● Assigned task: Would you transcribe the entries below, beginning at the line with "verschlusslos, Motivprint |" and ending after the line with "Delock's splitter receives", exactly, with no picture and nothing more?

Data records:

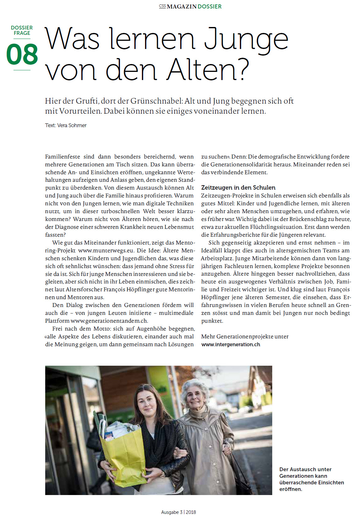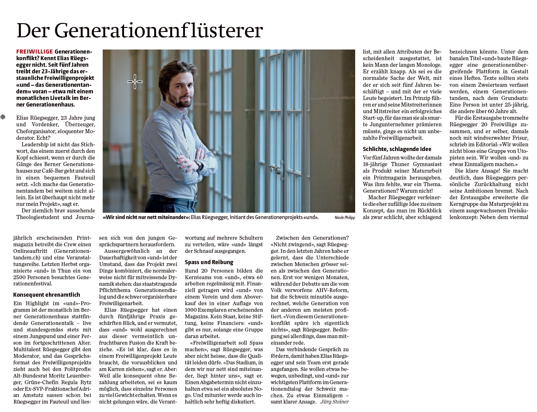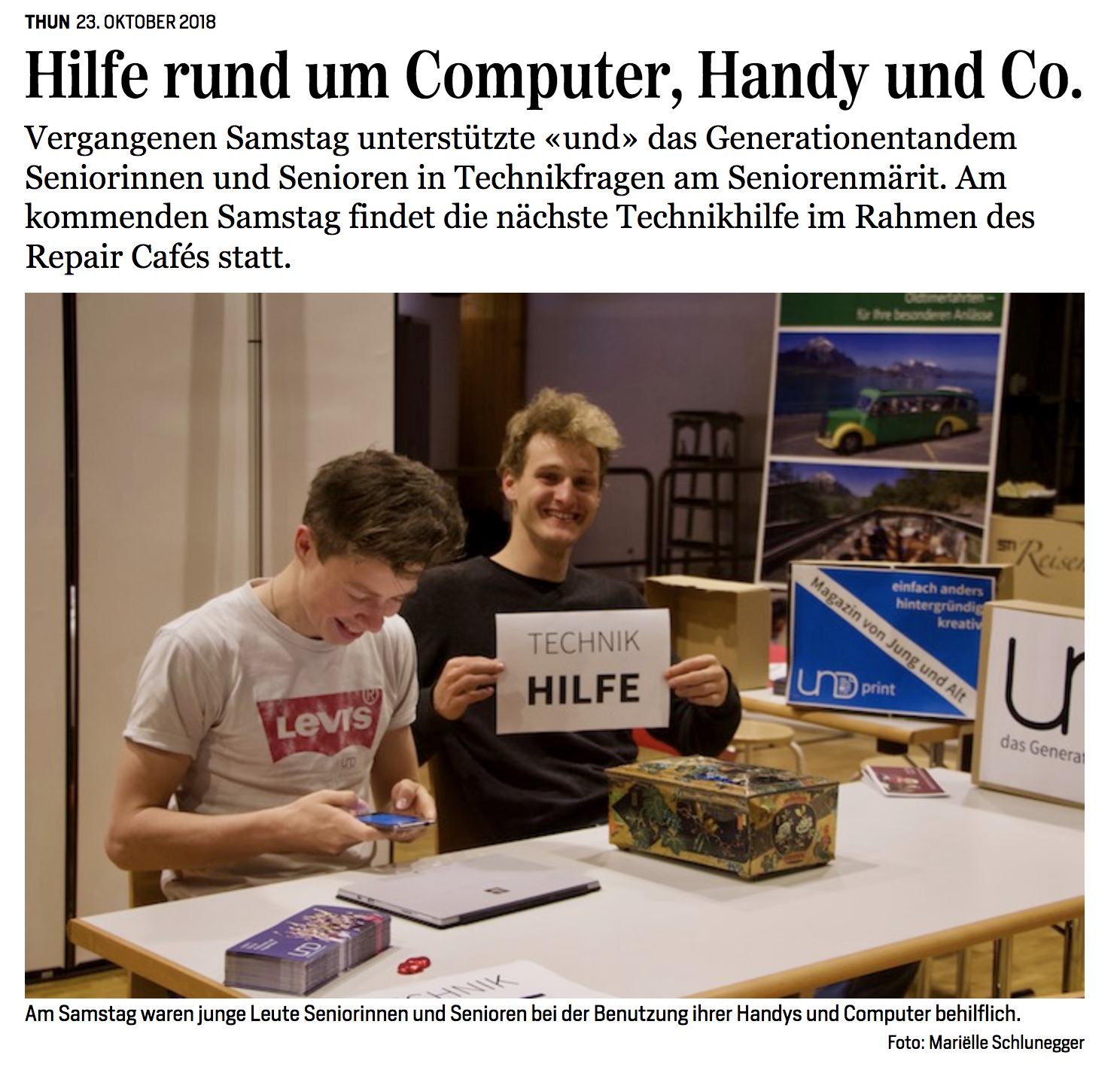 Vor sieben Jahren angestossen durch eine Maturarbeit, ist das einzigartige Projekt aus Thun in der letzten Zeit immer grösser geworden und überzeugt mittlerweile mit einem ausgesprochen professionellen Auftritt. „Und“ – Generationentandem ist aber nicht nur ein regelmässig erscheinendes Magazin, sondern in allererster Linie eine Plattform, die junge und alte Menschen in Kontakt bringen will. An den unterschiedlichsten Anlässen kommen die verschiedenen Generationen zusammen, diskutieren über gesellschaftlich relevante Themen und lancieren gemeinsam neue Projekte. So etwa auch das Generationenfestival welches nun bereits zum zweiten Mal ausgetragen wird und am kommenden Wochenende in Thun über die Bühne geht.
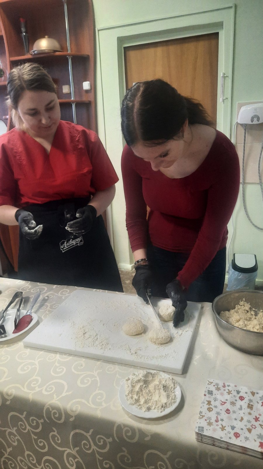 Со стороны Колледжа кулинарного мастерства преподаватели спецдисциплин Гордеева Ольга Станиславовна и Ролихина Олеся Магомедовна показали мастер-класс по приготовлению блюда «Рыбники рождественские».
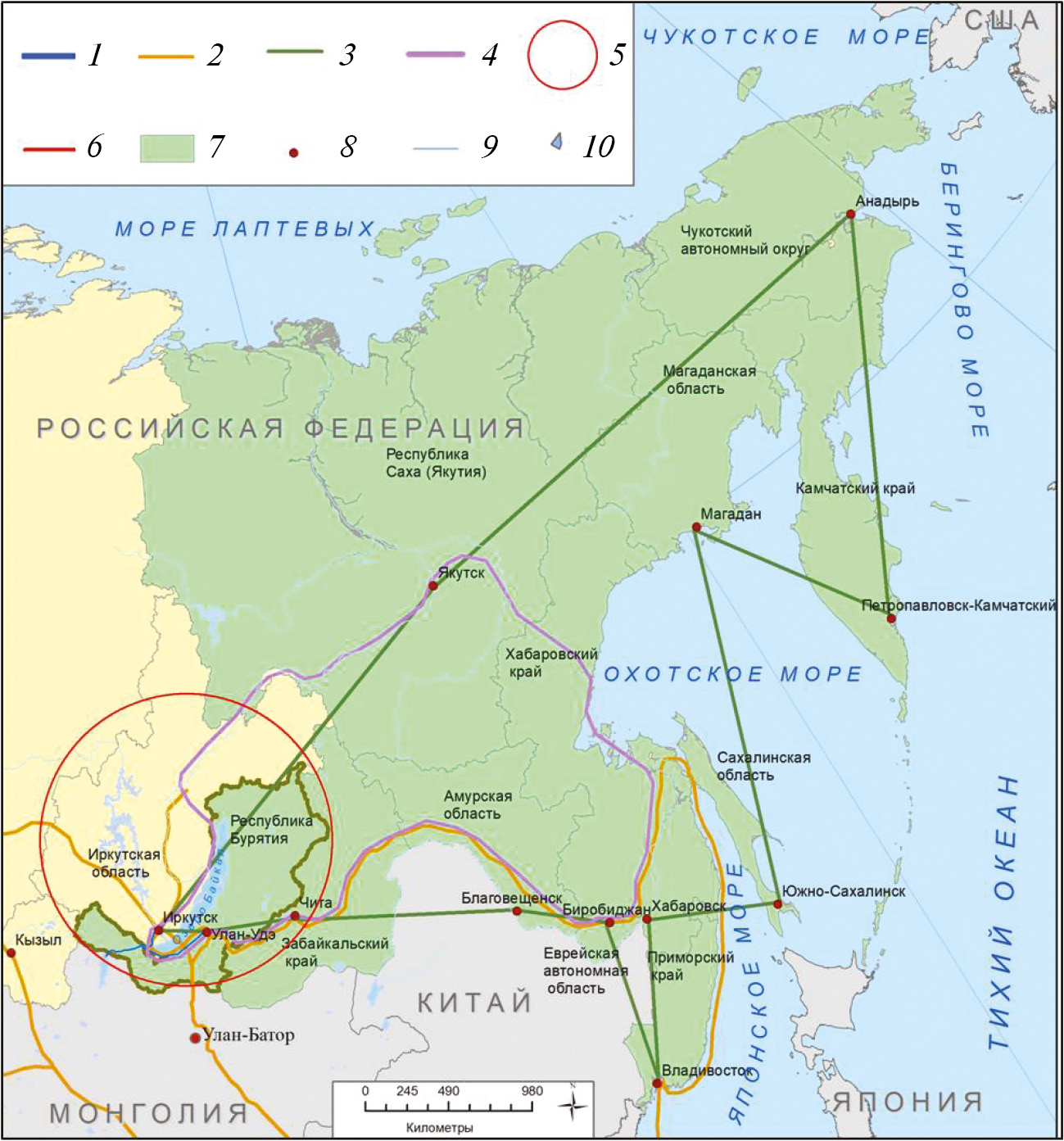 Key tourist routes: 1 — Baikal–Khubsugul, 2 — The Great Tea Route, 3 — The Eastern Ring of Russia; 4 — Baikal–Alaska. In the footsteps of the Amur expedition of 1849–1855; 5 — the Baikal macroterritory; 6 — the border of the Republic of Buryatia; 7 — the territory of the Far Eastern Federal District; 8 — the centers of the subjects of the Russian Federation; 9 — the main rivers; 10 — lakes.
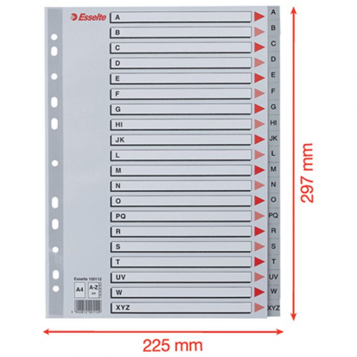 PREGRADA PLASTIČNA A4 A-Z 20L ESSELTE 100112 SIVA
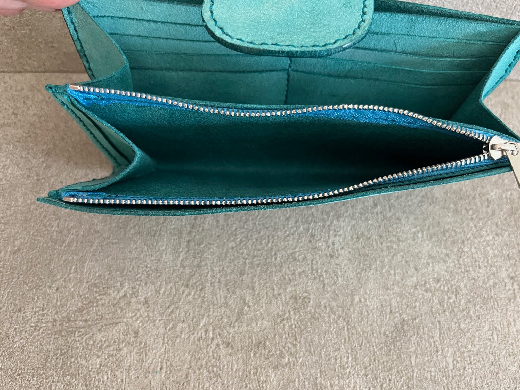 画像の終わりの方に同じ形で別の革で作った財布に中身を入れてます。
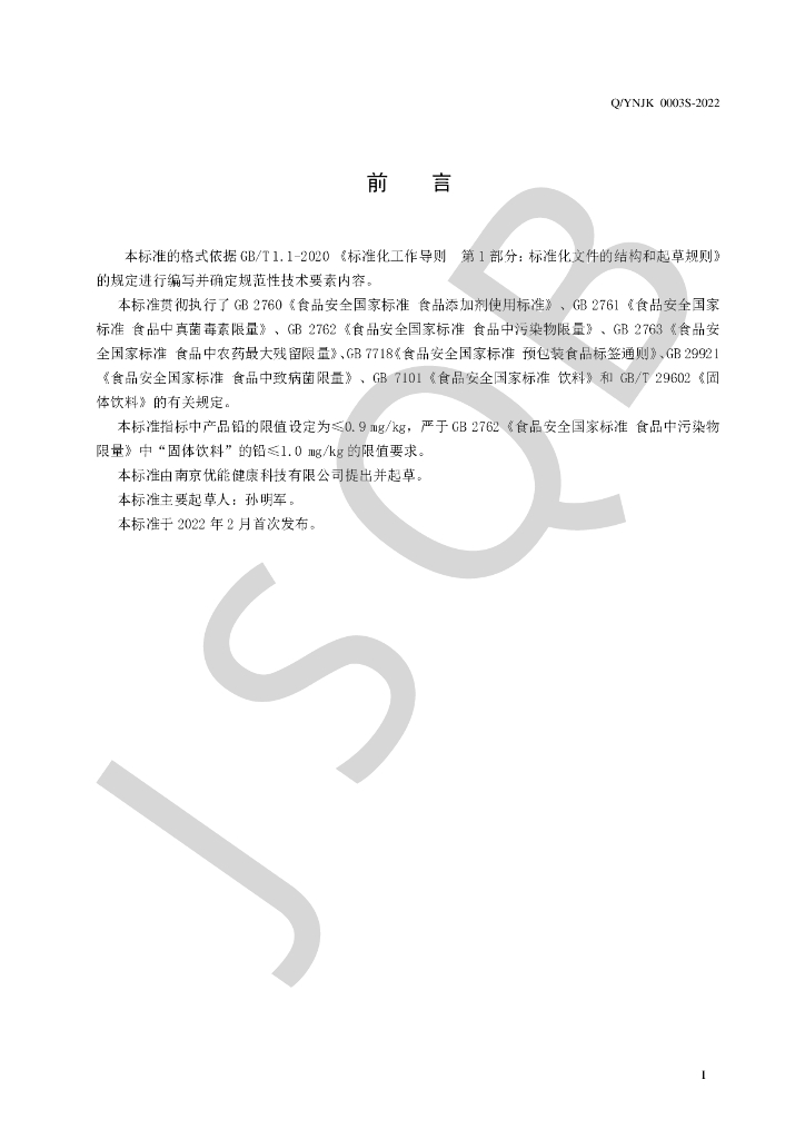Q/YNJK 0003S-2022 即食型益生菌系列产品
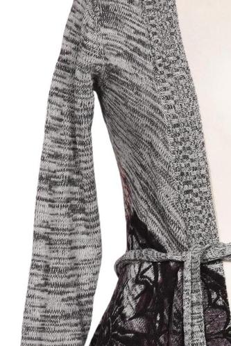 | Details | Grobstrick, Langarm, Bindegürtel, Wickeloptik, verschlusslos, Motivprint |
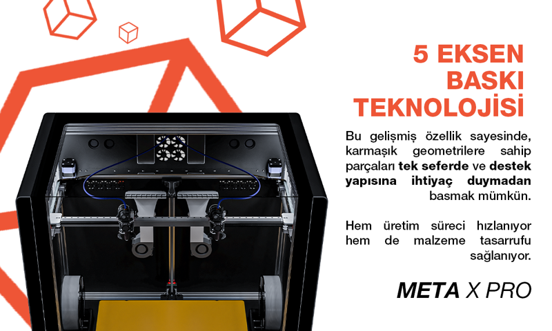 5 Eksen Teknolojisi: Meta3D Company tarafından üretilen tüm FDM yazıcılar, 5 eksen baskıya hazır mekanik sistem ile teslim edilmektedir. 5 eksen baskı sayesinde:
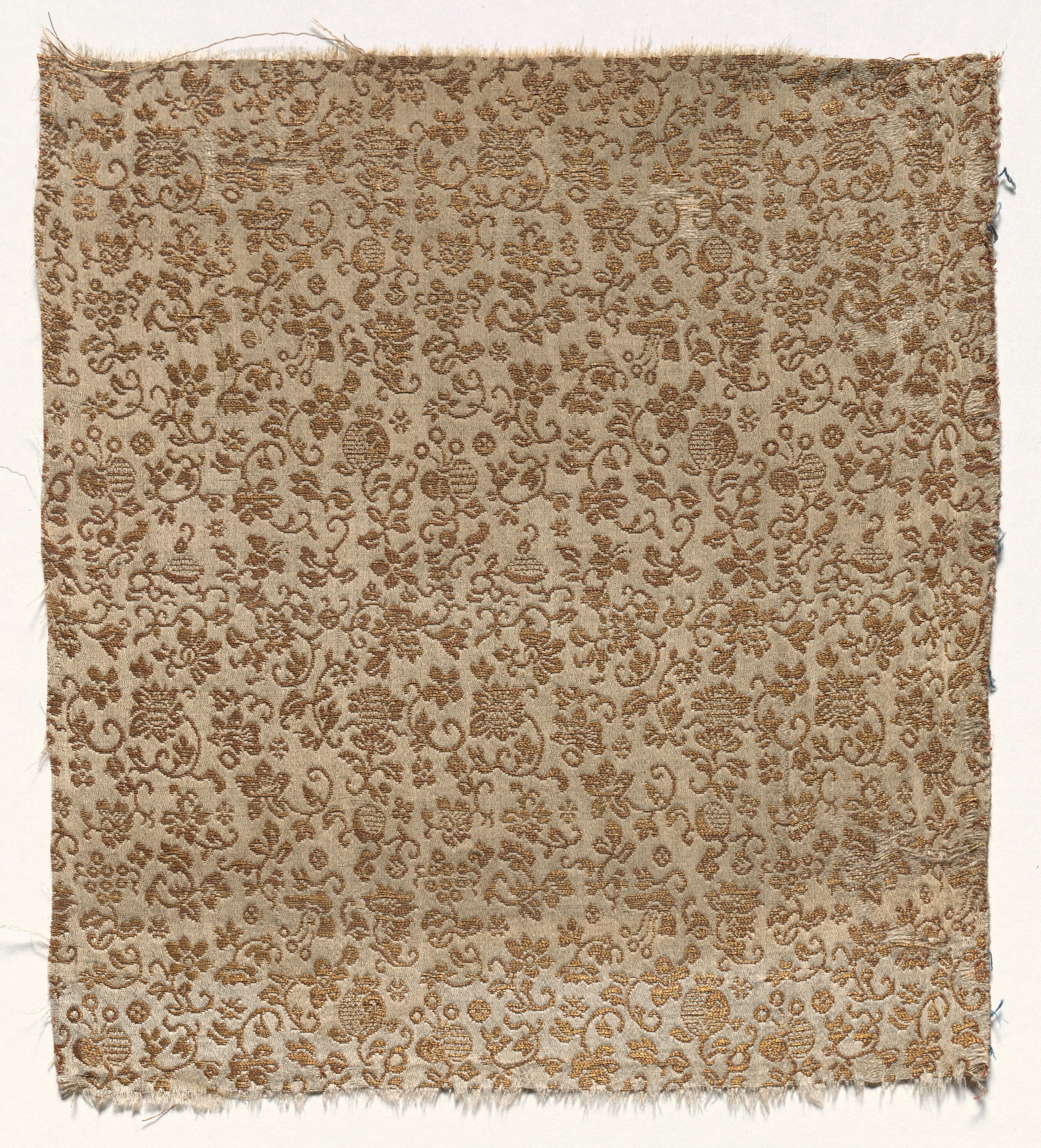 Tan-colored square textile with frayed edges and intricate brown floral pattern. The pattern features repeating designs of flowers, leaves, and curving lines. The background of the textile is a light tan color, while the floral pattern is a darker brown. The textile appears to be made of a woven material, possibly silk or cotton. Small blue threads are visible on the right side. The textile is set against a plain white background. Textile Fragment by unknown artist.
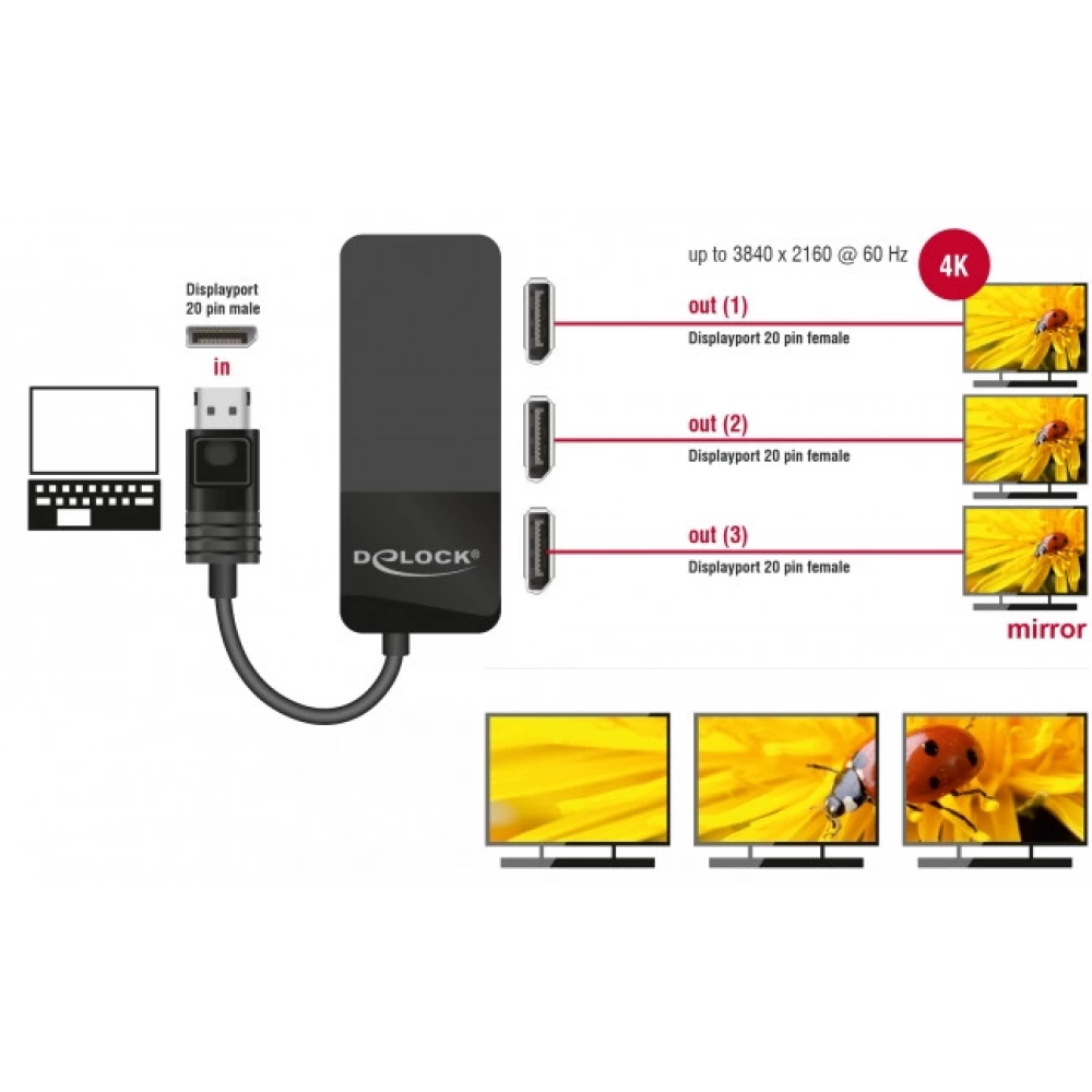 Delock's splitter receives a DisplayPort signal from a PC or laptop and distributes it to three connected displays. Thus, one DisplayPort connection can be used to operate three DisplayPort displays.
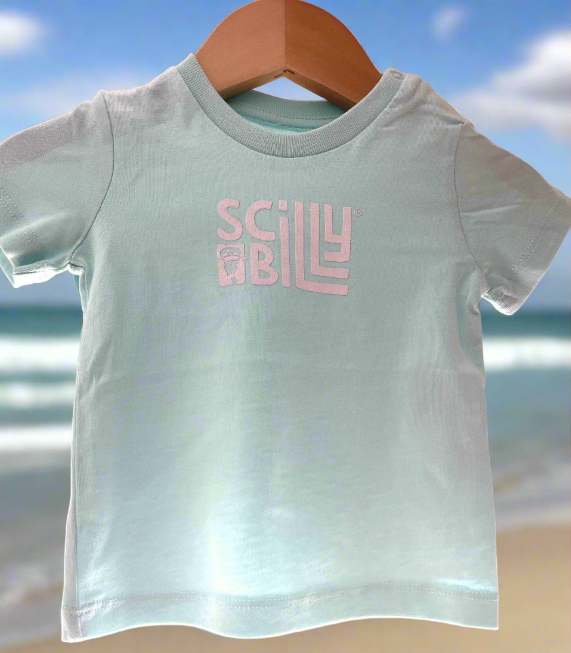 In the beautiful pale lagoon colour of the Scilly sea in summer, this organic cotton tee is available to fit little ones aged 0-6 months through to 24-36 months. So no matter how small you are, you can still Get Your Scilly On!
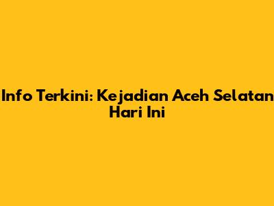 Info Terkini: Kejadian Aceh Selatan Hari Ini
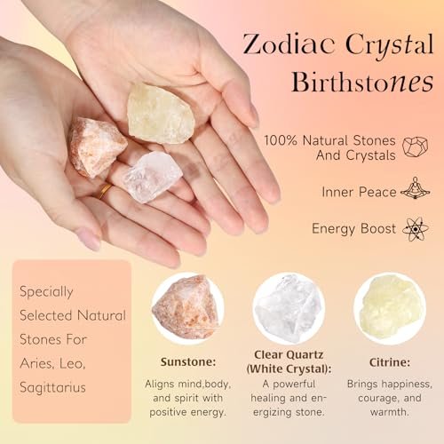 This dynamic gift set includes three powerful rough crystals—Sunstone, Clear Quartz, and Citrine—specifically chosen to resonate with the spirited natures of Fire Signs. Sunstone sparks confidence and vitality, Clear Quartz amplifies focus and energy, and Citrine radiates joy and inspiration. Harness these energies to stay motivated on your unique journey!
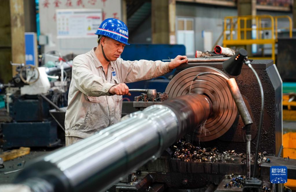 9月6日,中冶赛迪装备有限公司冶金装备生产车间内,一名工人操作设备对国产冶金装备的零部件进行加工。

● Task solution:
 | Details | Grobstrick, Langarm, Bindegürtel, Wickeloptik, verschlusslos, Motivprint |
 5 Eksen Teknolojisi: Meta3D Company tarafından üretilen tüm FDM yazıcılar, 5 eksen baskıya hazır mekanik sistem ile teslim edilmektedir. 5 eksen baskı sayesinde:
 Tan-colored square textile with frayed edges and intricate brown floral pattern. The pattern features repeating designs of flowers, leaves, and curving lines. The background of the textile is a light tan color, while the floral pattern is a darker brown. The textile appears to be made of a woven material, possibly silk or cotton. Small blue threads are visible on the right side. The textile is set against a plain white background. Textile Fragment by unknown artist.
 Delock's splitter receives a DisplayPort signal from a PC or laptop and distributes it to three connected displays. Thus, one DisplayPort connection can be used to operate three DisplayPort displays.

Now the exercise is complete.